Recipe — Extract structured data with self-repair
You run an applicant-tracking import. Recruiters paste raw resume text — copied out of a PDF, an email body, or a LinkedIn profile — and you need a clean, typed record: name, email, years of experience, and a list of skills. The text is never consistent. Sometimes the email is missing, sometimes “experience” is buried in a sentence, sometimes the model returns prose around the JSON.

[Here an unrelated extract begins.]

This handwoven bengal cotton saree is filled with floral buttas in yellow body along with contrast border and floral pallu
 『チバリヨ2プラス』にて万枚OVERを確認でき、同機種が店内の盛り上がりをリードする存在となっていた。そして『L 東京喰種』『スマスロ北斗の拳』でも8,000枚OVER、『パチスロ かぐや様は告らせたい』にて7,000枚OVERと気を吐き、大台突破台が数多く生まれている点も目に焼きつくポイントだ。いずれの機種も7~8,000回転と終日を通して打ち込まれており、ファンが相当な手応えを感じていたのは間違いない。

Two things make this robust instead of brittle:
- A
vschema describing the exact shape you want. The agent extracts the JSON Schema from it, asks the model for structured output, then validates the model’s response against the same schema — so a malformed field is caught before it reaches your database. repair: { maxAttempts }— when validation fails, the agent feeds the bad response plus the validation error back to the model and re-asks, up to N times. The recruiter never sees the retry; they get a clean record or a typed error.
yarn add @warlock.js/ai @warlock.js/ai-openai @warlock.js/sealThe schema
Section titled “The schema”@warlock.js/seal’s v builder is Standard Schema-compatible, so the agent can both extract a JSON Schema from it (to drive native structured-output mode) and validate the model’s response against it.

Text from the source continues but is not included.